Angel Gowns: How to Upcycle Your Wedding Dress


One day I was going through our guest bedroom closet and I came across this huge box that was taking up so much space. Inside this box is something that I only used once, I am never going to use again, and I have over 500 pictures of it. It’s my wedding dress. And I don’t want it anymore. So, I’ve decided to turn my wedding dress into a couple of angel gowns.

bridge looks into a full length mirror

Yes, I am still very happily married to my husband. I discussed my plans for my wedding dress with him and he is fully on board with my decision. I did manage to barely squeeze into it one last time for a picture with our son as a last memento.

Now I know somewhere out there someone is reading this thinking, “How in the world could she not want to keep her wedding dress?”

One of the reasons I don’t wish to keep my gorgeous wedding dress anymore is because there is a better use for it. My mother and I are taking apart my wedding dress to turn it into angel gowns. Angel gowns are the gowns infants, babies, preemies and stillborns wear when they sadly pass away.

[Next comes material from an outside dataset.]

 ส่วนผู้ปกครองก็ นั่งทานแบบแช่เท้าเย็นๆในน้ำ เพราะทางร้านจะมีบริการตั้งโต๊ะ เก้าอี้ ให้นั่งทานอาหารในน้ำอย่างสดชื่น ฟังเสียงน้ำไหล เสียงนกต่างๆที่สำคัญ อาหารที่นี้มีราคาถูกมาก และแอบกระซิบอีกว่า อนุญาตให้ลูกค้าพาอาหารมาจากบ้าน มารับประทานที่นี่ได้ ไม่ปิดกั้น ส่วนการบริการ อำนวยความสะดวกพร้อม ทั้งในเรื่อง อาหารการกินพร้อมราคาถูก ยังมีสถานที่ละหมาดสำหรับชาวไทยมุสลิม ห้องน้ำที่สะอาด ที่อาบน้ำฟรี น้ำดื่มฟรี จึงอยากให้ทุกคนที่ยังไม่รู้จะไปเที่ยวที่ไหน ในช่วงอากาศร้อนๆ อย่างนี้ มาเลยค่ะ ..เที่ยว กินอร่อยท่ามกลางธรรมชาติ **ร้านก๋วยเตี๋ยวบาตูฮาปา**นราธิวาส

I am sharing this story with you today because October 15th is Pregnancy and Infant Loss Remembrance Day. It’s a day you might not have heard of before, or maybe its a day you observe for your own reasons. Although I haven’t personally experienced these tragedies, I have watched friends and family members suffer.

The last thing that a parent who has just experienced a loss wants to think about is how they will dress their deceased infant. So, I investigated more and discovered that the organizations you send your wedding dress to that turn them into angel gowns are no longer accepting dresses. This is because they don’t have enough seamstresses to turn wedding gowns into angel gowns and they are very behind.

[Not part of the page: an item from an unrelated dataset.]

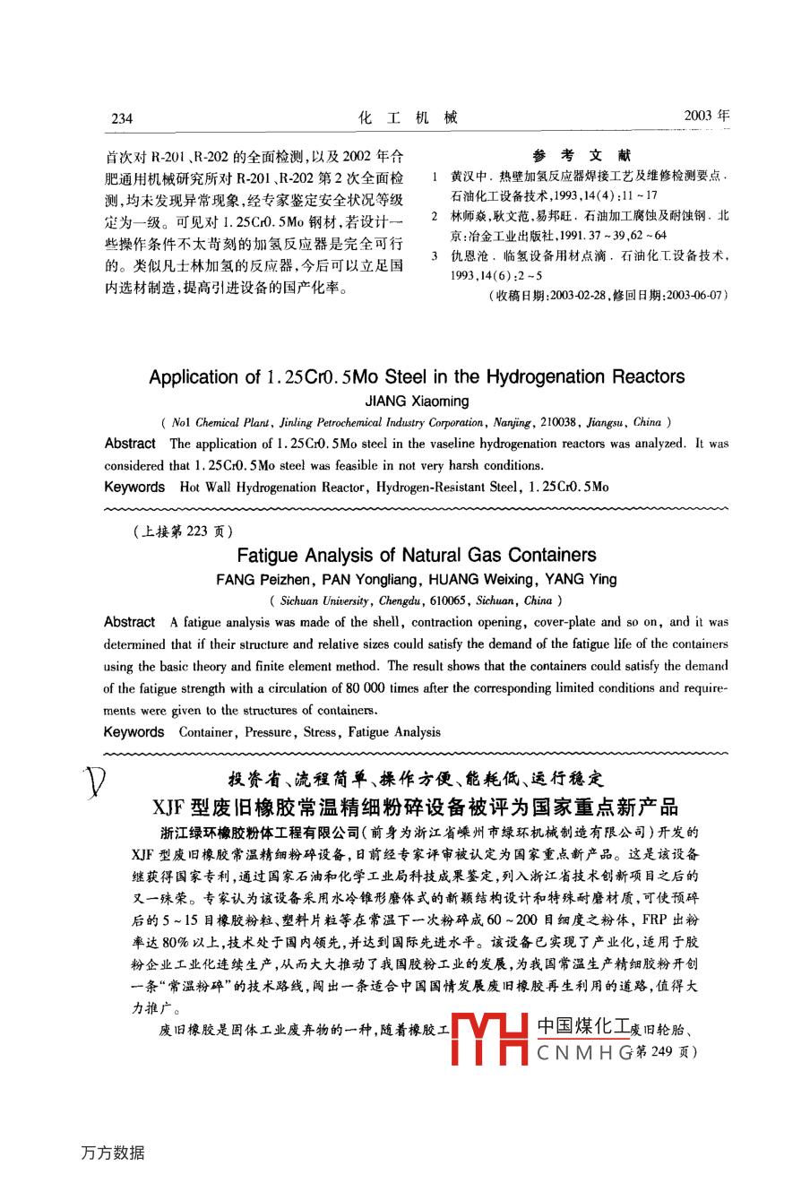 第30卷第4期化工機(jī)械221天然氣貯罐的疲勞分析方佩珍**潘永亮黃衛(wèi)星楊穎(四川大學(xué))摘要用壓力容器的基本理論和有限單元法等對(duì)夭然氣貯罐的殼體、緊縮口、平蓋等構(gòu)件進(jìn)行疲勞性能分祈,確定結(jié)構(gòu)及相關(guān)尺寸是否滿足該設(shè)備疲勞壽命的要求。結(jié)果表明,在對(duì)貯罐結(jié)構(gòu)給出了相應(yīng)的限制條件和要求后,該貯罐滿足循環(huán)次數(shù)n=80000次條件下的疲勞強(qiáng)度要求。關(guān)鍵詞貯罐壓力應(yīng)力疲勞分析中圖分類號(hào)TQ53.2文獻(xiàn)標(biāo)識(shí)碼A文章編號(hào)02546094(2003)04022404天然氣貯罐是供貯存精脫硫天然氣的容器。當(dāng)貯罐裝入高壓天然氣后,再通過它向車用鋼瓶充氣。貯罐工作過程承受升壓、降壓的交變載荷作用,在貯罐焊縫、接管及其他結(jié)構(gòu)不連續(xù)的區(qū)域,因產(chǎn)生塑性應(yīng)變的高應(yīng)力區(qū)容易導(dǎo)致容器的疲勞破壞。為了避免貯罐的失效,必須對(duì)貯罐各部件進(jìn)行詳細(xì)應(yīng)力計(jì)算,并根據(jù)應(yīng)力計(jì)算結(jié)果對(duì)貯罐進(jìn)行疲勞分析。1貯罐技術(shù)參數(shù)介質(zhì)精脫硫天然氣pns<2mg/m(標(biāo))設(shè)計(jì)壓力P26Ma最低工作壓力pm7MP圖1貯罐的結(jié)構(gòu)簡(jiǎn)圖工作溫度50℃2.1筒體循環(huán)次數(shù)n80000次筒體采用多層包扎式結(jié)構(gòu),內(nèi)層材料為202貯罐的疲勞分析厚度20m,層板材料為16MnR,板厚8mm,共7貯罐的結(jié)構(gòu)如圖1所示。罐體由筒體、球形層。由于采用優(yōu)質(zhì)薄板而承擔(dān)該設(shè)備的制造廠封頭和緊縮口組成,緊縮頭小端通過螺栓與平蓋家具有長(zhǎng)期生產(chǎn)多層包扎式厚壁筒的成熟經(jīng)驗(yàn),連接。通過對(duì)貯罐各部件的詳細(xì)應(yīng)力分析,圖1因此能完全保證設(shè)備的質(zhì)量。在對(duì)該筒體進(jìn)行應(yīng)中各部件的結(jié)構(gòu)尺寸均滿足按應(yīng)力分類法設(shè)計(jì)的力分析時(shí),將多層包扎式殼體等效為整體殼壁。強(qiáng)度條件。在此基礎(chǔ)上進(jìn)行疲勞分析以確保結(jié)容器在工作過程中的壓力波動(dòng)范圍△P=9MPa。構(gòu)承受預(yù)計(jì)的循環(huán)載荷而不發(fā)生疲勞破壞的能筒體疲勞問題主要考慮筒體焊縫及筒體上的力。因?yàn)楣ぷ鳒囟炔惑{,計(jì)算時(shí)忽略溫度對(duì)材料開孔接管影響對(duì)于筒體焊縫,根據(jù)JB4732,其疲彈性模量的影響。在以下分析中,材料的許用應(yīng)勞強(qiáng)度減弱系數(shù)取K=2.0。計(jì)算表明,筒體在力幅按JB4732標(biāo)準(zhǔn)確定?!鱬影響下的交變應(yīng)力幅為68.01MPa,而由材料*四川省應(yīng)用基礎(chǔ)研究項(xiàng)目(01GY051406)中國(guó)煤化工方佩珍,女,1975年6月生碩士生。四川省成都市,.61006CNMHG222化工機(jī)械2003年的設(shè)計(jì)疲勞曲線查得許可應(yīng)力幅為146.4MPa,即K=146.4/68.01=2.15>K,這表明筒體的疲勞強(qiáng)度是滿足要求的對(duì)于筒體上開孔問題,開孔接管采用與殼體全焊透的形式按應(yīng)力指數(shù)法計(jì)算出應(yīng)力集中系數(shù)K=33,即K1>K,這表明筒體上開孔不能滿足疲勞強(qiáng)度的要求。設(shè)計(jì)要求筒體上不得設(shè)置任何形式的開孔,而應(yīng)將必要的開孔設(shè)置在端蓋上。圖2平蓋示意圖22球形封頭條件下板中心處的交變應(yīng)力幅為29.51MPa,板材球形封頭采用鋼板沖壓成型,材料為20R,由的許用應(yīng)力強(qiáng)度幅與操作時(shí)的交變應(yīng)力幅之比K于沖壓過程中的變形導(dǎo)致封頭厚度不等,即使經(jīng)=4.54。平板中心附近開孔接管的應(yīng)力集中系數(shù)過機(jī)加工后保證封頭與筒體厚度相等但封頭頂K不會(huì)超過上述K值表明平板中心區(qū)域能滿足點(diǎn)處仍然較薄。分析時(shí)以封頭最薄處考慮。計(jì)算相應(yīng)疲勞壽命的要求。表明,由材料的設(shè)計(jì)疲勞曲線得到的許用應(yīng)力幅平板密封面處環(huán)形斷面是平蓋的薄弱環(huán)節(jié)與操作時(shí)的交變應(yīng)力幅之比K=3.82。封頭因沖計(jì)算該處的彎曲應(yīng)力和剪應(yīng)力按第三強(qiáng)度理論壓成型使厚度不均但厚度變化是平緩的經(jīng)機(jī)加得交變應(yīng)力幅為9.86MPa,許用應(yīng)力幅與交變應(yīng)工后其厚度變化的絕對(duì)值并不大,不會(huì)對(duì)分析結(jié)力幅之比K=4.48,考慮到結(jié)構(gòu)造成的應(yīng)力集中果產(chǎn)生大的影響。因此封頭自身滿足工作條件和偏于保守的計(jì)算方法,其結(jié)構(gòu)的疲勞強(qiáng)度是滿下的疲勞強(qiáng)度要求。足要求的因工藝需要球形封頭上有開孔接管設(shè)計(jì)采2.5螺栓用厚壁管,并與殼體完全焊透,內(nèi)、外表面圓滑過考慮螺栓連接系統(tǒng)的剛度修正后,螺栓波動(dòng)渡。按應(yīng)力指數(shù)法可得該結(jié)構(gòu)的應(yīng)力集中系數(shù)K=22,則KK,所以螺栓疲勞壽命滿足n=8000次的要求2.6緊縮口緊縮口將內(nèi)徑D,=805mm筒體逐漸過渡至d=400mm的人孔接口。緊縮口結(jié)構(gòu)有多種形周向應(yīng)力式,通過對(duì)不同結(jié)構(gòu)的分析比較,并結(jié)合緊縮口的經(jīng)向座力加工特點(diǎn),設(shè)計(jì)時(shí)使過渡區(qū)具有更多金屬的平滑軸向距離/mm過渡,最后采用不同半徑的反向曲線過渡結(jié)構(gòu),如圖3所示圖5外壁徑向、周向應(y

That’s when I decided I had to make these angel gowns myself… with my mother’s help, of course.

cutting the pattern for angel gowns

When all of our angel gowns are finished, we will take them to our closest available NICU for families who need them.

Sewing has always been something I love, but I feel like I don’t have enough time to do it, especially since I became a mother. I remember when I was about 8 and my grandmother taught me how to sew. And while I was growing up, my mother worked in a sewing factory before she went to nursing school. So sewing wasn’t entirely new for me, and I felt like this was a project within my skill set.

Claire making angel gowns

My grandmother passed away over 3 years ago. I remember when it was time for her and my grandfather to move to an assisted living home, she wanted me to have all of her sewing stuff since her arthritis caused her too much pain to sew. So, in a way, my grandmother helped with this project as well because I used some elastic and clasps from her sewing kit to help make these angel gowns. I’m happy to share this experience with both my mother and grandmother and feel it has brought us all closer together.

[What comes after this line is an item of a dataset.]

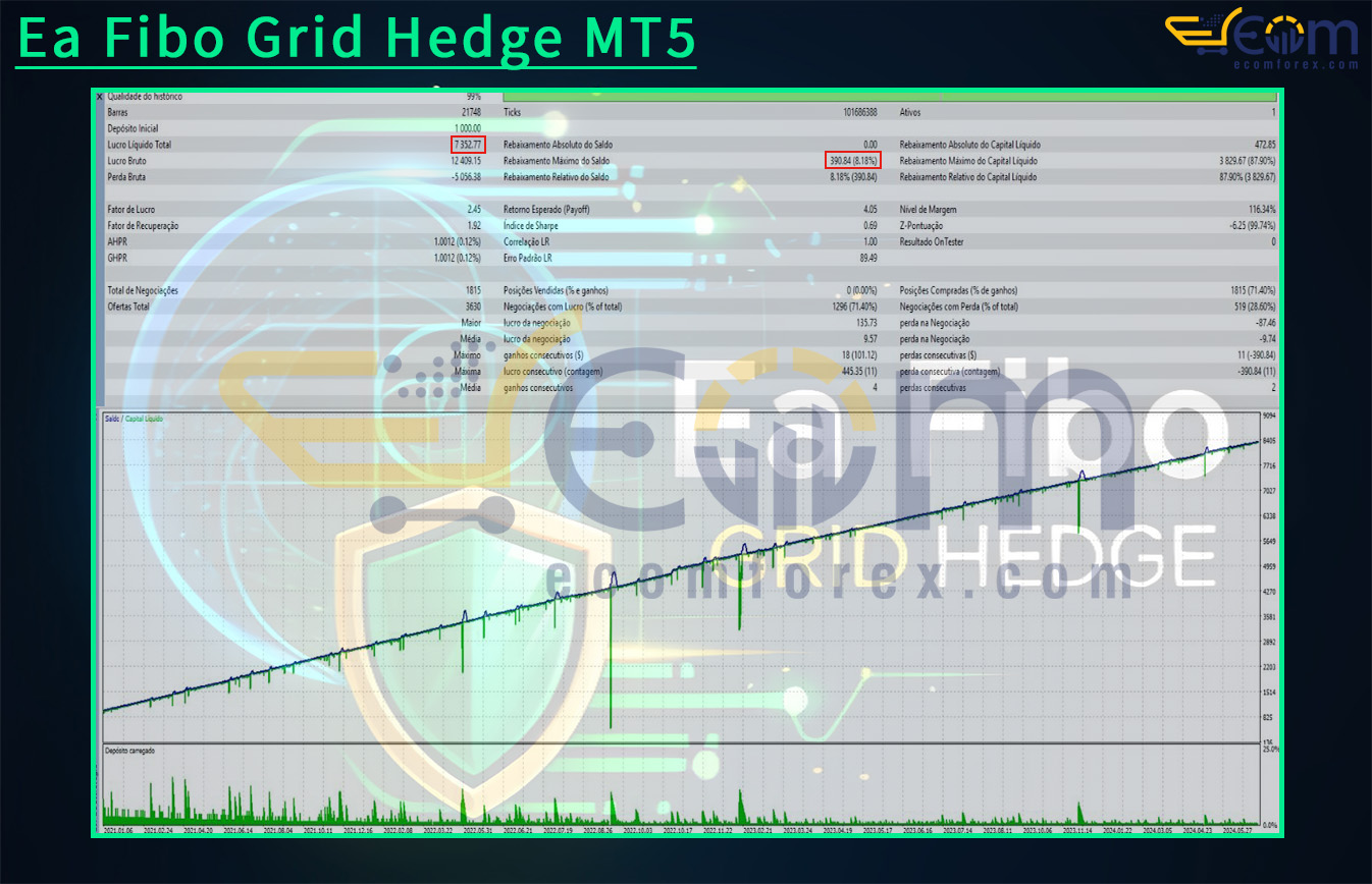 Tested on over 1,800 simulated trades, EA Fibo achieved a Profit Factor of 2.45, proving its adaptability and robust defense strategy.

To make an angel gown, you’ll first need a pattern. I found my pattern here: Bereavement Patterns. I followed the tutorial found here: How to Sew Angel Gowns from Wedding Dresses. And, you can learn more about angel gowns by visiting The Angel Gown® Program.

You can also find a lot of free patterns by Googling or searching Pinterest for “angel gowns” or “infant bereavement patterns”.  

My Completed Angel Gowns

I’m happy to have completed two angel gowns from my wedding dress. Here’s how they turned out:

Would you ever consider upcycling your wedding dress to make angel gowns? Have you found another way to upcycle your wedding dress? Share your experience with us in the comments!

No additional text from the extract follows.